• Supplied material:
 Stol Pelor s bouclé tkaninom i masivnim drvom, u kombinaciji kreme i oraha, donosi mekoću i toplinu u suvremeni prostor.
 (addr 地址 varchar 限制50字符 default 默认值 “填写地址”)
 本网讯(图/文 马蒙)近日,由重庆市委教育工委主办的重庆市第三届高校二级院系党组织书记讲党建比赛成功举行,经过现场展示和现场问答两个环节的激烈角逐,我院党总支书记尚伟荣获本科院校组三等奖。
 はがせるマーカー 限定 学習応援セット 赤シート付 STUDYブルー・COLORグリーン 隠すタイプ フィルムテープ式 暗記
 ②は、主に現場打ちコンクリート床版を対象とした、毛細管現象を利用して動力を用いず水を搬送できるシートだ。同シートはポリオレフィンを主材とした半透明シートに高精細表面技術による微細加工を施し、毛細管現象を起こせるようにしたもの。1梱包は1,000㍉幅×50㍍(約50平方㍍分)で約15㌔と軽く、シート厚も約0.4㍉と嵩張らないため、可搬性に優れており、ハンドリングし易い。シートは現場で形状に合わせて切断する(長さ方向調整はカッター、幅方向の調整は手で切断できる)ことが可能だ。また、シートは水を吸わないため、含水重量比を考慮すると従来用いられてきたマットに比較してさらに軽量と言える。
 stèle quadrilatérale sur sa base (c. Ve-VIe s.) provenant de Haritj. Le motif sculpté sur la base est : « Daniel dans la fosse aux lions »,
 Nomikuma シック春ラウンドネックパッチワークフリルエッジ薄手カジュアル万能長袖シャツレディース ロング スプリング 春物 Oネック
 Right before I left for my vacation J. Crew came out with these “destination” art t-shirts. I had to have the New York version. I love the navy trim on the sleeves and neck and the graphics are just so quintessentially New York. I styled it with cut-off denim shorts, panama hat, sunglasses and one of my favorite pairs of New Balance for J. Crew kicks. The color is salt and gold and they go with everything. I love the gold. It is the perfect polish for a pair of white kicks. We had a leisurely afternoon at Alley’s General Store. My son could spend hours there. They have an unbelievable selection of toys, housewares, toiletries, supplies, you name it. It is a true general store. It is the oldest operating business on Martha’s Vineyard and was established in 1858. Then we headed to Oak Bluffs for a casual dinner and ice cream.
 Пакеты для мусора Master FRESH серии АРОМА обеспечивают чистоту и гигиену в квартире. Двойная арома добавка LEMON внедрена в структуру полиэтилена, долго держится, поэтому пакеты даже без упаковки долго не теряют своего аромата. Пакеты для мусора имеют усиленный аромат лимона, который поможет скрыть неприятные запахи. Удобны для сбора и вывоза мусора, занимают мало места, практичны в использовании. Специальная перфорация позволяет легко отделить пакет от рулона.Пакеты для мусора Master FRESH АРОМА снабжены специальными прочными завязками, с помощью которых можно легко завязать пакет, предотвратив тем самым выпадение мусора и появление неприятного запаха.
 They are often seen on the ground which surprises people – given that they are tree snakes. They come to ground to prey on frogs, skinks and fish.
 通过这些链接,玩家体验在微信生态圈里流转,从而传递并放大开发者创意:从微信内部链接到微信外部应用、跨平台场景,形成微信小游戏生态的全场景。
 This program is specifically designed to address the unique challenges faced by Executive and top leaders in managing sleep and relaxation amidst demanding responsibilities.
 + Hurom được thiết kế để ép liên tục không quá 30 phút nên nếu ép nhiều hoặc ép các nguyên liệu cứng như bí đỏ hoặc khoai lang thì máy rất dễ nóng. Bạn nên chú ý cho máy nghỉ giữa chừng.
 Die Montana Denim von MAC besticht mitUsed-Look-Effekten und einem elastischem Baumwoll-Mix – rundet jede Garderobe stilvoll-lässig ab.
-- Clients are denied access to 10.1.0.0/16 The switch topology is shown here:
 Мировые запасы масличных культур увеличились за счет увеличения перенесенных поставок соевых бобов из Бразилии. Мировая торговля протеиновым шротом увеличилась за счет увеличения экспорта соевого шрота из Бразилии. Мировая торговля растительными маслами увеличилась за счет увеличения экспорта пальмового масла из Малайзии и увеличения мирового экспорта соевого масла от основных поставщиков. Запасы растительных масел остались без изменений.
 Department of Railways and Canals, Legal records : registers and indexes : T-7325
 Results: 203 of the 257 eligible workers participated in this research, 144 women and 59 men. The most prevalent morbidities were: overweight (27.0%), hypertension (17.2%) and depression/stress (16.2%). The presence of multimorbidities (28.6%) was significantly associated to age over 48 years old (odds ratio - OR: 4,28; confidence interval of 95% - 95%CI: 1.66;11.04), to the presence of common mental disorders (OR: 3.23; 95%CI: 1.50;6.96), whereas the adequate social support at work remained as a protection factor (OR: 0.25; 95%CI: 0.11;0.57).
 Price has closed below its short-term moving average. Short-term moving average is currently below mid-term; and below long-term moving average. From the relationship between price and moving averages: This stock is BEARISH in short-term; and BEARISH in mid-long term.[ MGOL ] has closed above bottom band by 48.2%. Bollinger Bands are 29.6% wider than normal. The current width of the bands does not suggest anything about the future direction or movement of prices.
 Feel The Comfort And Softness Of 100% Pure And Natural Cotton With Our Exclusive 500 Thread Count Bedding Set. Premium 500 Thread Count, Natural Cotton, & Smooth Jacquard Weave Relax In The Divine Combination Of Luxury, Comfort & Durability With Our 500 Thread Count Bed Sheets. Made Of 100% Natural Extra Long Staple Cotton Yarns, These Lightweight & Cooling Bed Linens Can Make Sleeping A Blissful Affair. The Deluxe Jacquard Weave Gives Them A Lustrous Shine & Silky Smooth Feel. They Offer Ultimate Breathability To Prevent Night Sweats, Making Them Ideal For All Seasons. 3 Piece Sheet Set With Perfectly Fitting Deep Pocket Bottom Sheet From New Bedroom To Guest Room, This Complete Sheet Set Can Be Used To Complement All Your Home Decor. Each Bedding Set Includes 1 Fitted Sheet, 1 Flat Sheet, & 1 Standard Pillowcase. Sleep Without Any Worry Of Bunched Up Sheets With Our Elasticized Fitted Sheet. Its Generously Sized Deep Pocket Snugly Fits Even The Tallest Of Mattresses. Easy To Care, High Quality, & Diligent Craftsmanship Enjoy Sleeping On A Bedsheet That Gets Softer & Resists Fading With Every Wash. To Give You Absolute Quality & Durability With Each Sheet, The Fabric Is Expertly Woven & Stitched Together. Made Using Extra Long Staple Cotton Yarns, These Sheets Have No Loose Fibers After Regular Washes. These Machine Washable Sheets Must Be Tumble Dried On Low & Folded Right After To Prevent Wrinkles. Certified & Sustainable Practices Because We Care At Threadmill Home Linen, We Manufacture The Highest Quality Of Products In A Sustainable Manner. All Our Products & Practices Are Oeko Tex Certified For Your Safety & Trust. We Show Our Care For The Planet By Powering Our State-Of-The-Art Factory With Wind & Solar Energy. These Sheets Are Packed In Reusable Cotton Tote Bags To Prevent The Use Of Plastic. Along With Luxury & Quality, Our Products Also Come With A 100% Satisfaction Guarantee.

• Problem to work on: Reproduce the records above in their entirety, unchanged.

• Result:
 Stol Pelor s bouclé tkaninom i masivnim drvom, u kombinaciji kreme i oraha, donosi mekoću i toplinu u suvremeni prostor.
 (addr 地址 varchar 限制50字符 default 默认值 “填写地址”)
 本网讯(图/文 马蒙)近日,由重庆市委教育工委主办的重庆市第三届高校二级院系党组织书记讲党建比赛成功举行,经过现场展示和现场问答两个环节的激烈角逐,我院党总支书记尚伟荣获本科院校组三等奖。
 はがせるマーカー 限定 学習応援セット 赤シート付 STUDYブルー・COLORグリーン 隠すタイプ フィルムテープ式 暗記
 ②は、主に現場打ちコンクリート床版を対象とした、毛細管現象を利用して動力を用いず水を搬送できるシートだ。同シートはポリオレフィンを主材とした半透明シートに高精細表面技術による微細加工を施し、毛細管現象を起こせるようにしたもの。1梱包は1,000㍉幅×50㍍(約50平方㍍分)で約15㌔と軽く、シート厚も約0.4㍉と嵩張らないため、可搬性に優れており、ハンドリングし易い。シートは現場で形状に合わせて切断する(長さ方向調整はカッター、幅方向の調整は手で切断できる)ことが可能だ。また、シートは水を吸わないため、含水重量比を考慮すると従来用いられてきたマットに比較してさらに軽量と言える。
 stèle quadrilatérale sur sa base (c. Ve-VIe s.) provenant de Haritj. Le motif sculpté sur la base est : « Daniel dans la fosse aux lions »,
 Nomikuma シック春ラウンドネックパッチワークフリルエッジ薄手カジュアル万能長袖シャツレディース ロング スプリング 春物 Oネック
 Right before I left for my vacation J. Crew came out with these “destination” art t-shirts. I had to have the New York version. I love the navy trim on the sleeves and neck and the graphics are just so quintessentially New York. I styled it with cut-off denim shorts, panama hat, sunglasses and one of my favorite pairs of New Balance for J. Crew kicks. The color is salt and gold and they go with everything. I love the gold. It is the perfect polish for a pair of white kicks. We had a leisurely afternoon at Alley’s General Store. My son could spend hours there. They have an unbelievable selection of toys, housewares, toiletries, supplies, you name it. It is a true general store. It is the oldest operating business on Martha’s Vineyard and was established in 1858. Then we headed to Oak Bluffs for a casual dinner and ice cream.
 Пакеты для мусора Master FRESH серии АРОМА обеспечивают чистоту и гигиену в квартире. Двойная арома добавка LEMON внедрена в структуру полиэтилена, долго держится, поэтому пакеты даже без упаковки долго не теряют своего аромата. Пакеты для мусора имеют усиленный аромат лимона, который поможет скрыть неприятные запахи. Удобны для сбора и вывоза мусора, занимают мало места, практичны в использовании. Специальная перфорация позволяет легко отделить пакет от рулона.Пакеты для мусора Master FRESH АРОМА снабжены специальными прочными завязками, с помощью которых можно легко завязать пакет, предотвратив тем самым выпадение мусора и появление неприятного запаха.
 They are often seen on the ground which surprises people – given that they are tree snakes. They come to ground to prey on frogs, skinks and fish.
 通过这些链接,玩家体验在微信生态圈里流转,从而传递并放大开发者创意:从微信内部链接到微信外部应用、跨平台场景,形成微信小游戏生态的全场景。
 This program is specifically designed to address the unique challenges faced by Executive and top leaders in managing sleep and relaxation amidst demanding responsibilities.
 + Hurom được thiết kế để ép liên tục không quá 30 phút nên nếu ép nhiều hoặc ép các nguyên liệu cứng như bí đỏ hoặc khoai lang thì máy rất dễ nóng. Bạn nên chú ý cho máy nghỉ giữa chừng.
 Die Montana Denim von MAC besticht mitUsed-Look-Effekten und einem elastischem Baumwoll-Mix – rundet jede Garderobe stilvoll-lässig ab.
-- Clients are denied access to 10.1.0.0/16 The switch topology is shown here:
 Мировые запасы масличных культур увеличились за счет увеличения перенесенных поставок соевых бобов из Бразилии. Мировая торговля протеиновым шротом увеличилась за счет увеличения экспорта соевого шрота из Бразилии. Мировая торговля растительными маслами увеличилась за счет увеличения экспорта пальмового масла из Малайзии и увеличения мирового экспорта соевого масла от основных поставщиков. Запасы растительных масел остались без изменений.
 Department of Railways and Canals, Legal records : registers and indexes : T-7325
 Results: 203 of the 257 eligible workers participated in this research, 144 women and 59 men. The most prevalent morbidities were: overweight (27.0%), hypertension (17.2%) and depression/stress (16.2%). The presence of multimorbidities (28.6%) was significantly associated to age over 48 years old (odds ratio - OR: 4,28; confidence interval of 95% - 95%CI: 1.66;11.04), to the presence of common mental disorders (OR: 3.23; 95%CI: 1.50;6.96), whereas the adequate social support at work remained as a protection factor (OR: 0.25; 95%CI: 0.11;0.57).
 Price has closed below its short-term moving average. Short-term moving average is currently below mid-term; and below long-term moving average. From the relationship between price and moving averages: This stock is BEARISH in short-term; and BEARISH in mid-long term.[ MGOL ] has closed above bottom band by 48.2%. Bollinger Bands are 29.6% wider than normal. The current width of the bands does not suggest anything about the future direction or movement of prices.
 Feel The Comfort And Softness Of 100% Pure And Natural Cotton With Our Exclusive 500 Thread Count Bedding Set. Premium 500 Thread Count, Natural Cotton, & Smooth Jacquard Weave Relax In The Divine Combination Of Luxury, Comfort & Durability With Our 500 Thread Count Bed Sheets. Made Of 100% Natural Extra Long Staple Cotton Yarns, These Lightweight & Cooling Bed Linens Can Make Sleeping A Blissful Affair. The Deluxe Jacquard Weave Gives Them A Lustrous Shine & Silky Smooth Feel. They Offer Ultimate Breathability To Prevent Night Sweats, Making Them Ideal For All Seasons. 3 Piece Sheet Set With Perfectly Fitting Deep Pocket Bottom Sheet From New Bedroom To Guest Room, This Complete Sheet Set Can Be Used To Complement All Your Home Decor. Each Bedding Set Includes 1 Fitted Sheet, 1 Flat Sheet, & 1 Standard Pillowcase. Sleep Without Any Worry Of Bunched Up Sheets With Our Elasticized Fitted Sheet. Its Generously Sized Deep Pocket Snugly Fits Even The Tallest Of Mattresses. Easy To Care, High Quality, & Diligent Craftsmanship Enjoy Sleeping On A Bedsheet That Gets Softer & Resists Fading With Every Wash. To Give You Absolute Quality & Durability With Each Sheet, The Fabric Is Expertly Woven & Stitched Together. Made Using Extra Long Staple Cotton Yarns, These Sheets Have No Loose Fibers After Regular Washes. These Machine Washable Sheets Must Be Tumble Dried On Low & Folded Right After To Prevent Wrinkles. Certified & Sustainable Practices Because We Care At Threadmill Home Linen, We Manufacture The Highest Quality Of Products In A Sustainable Manner. All Our Products & Practices Are Oeko Tex Certified For Your Safety & Trust. We Show Our Care For The Planet By Powering Our State-Of-The-Art Factory With Wind & Solar Energy. These Sheets Are Packed In Reusable Cotton Tote Bags To Prevent The Use Of Plastic. Along With Luxury & Quality, Our Products Also Come With A 100% Satisfaction Guarantee.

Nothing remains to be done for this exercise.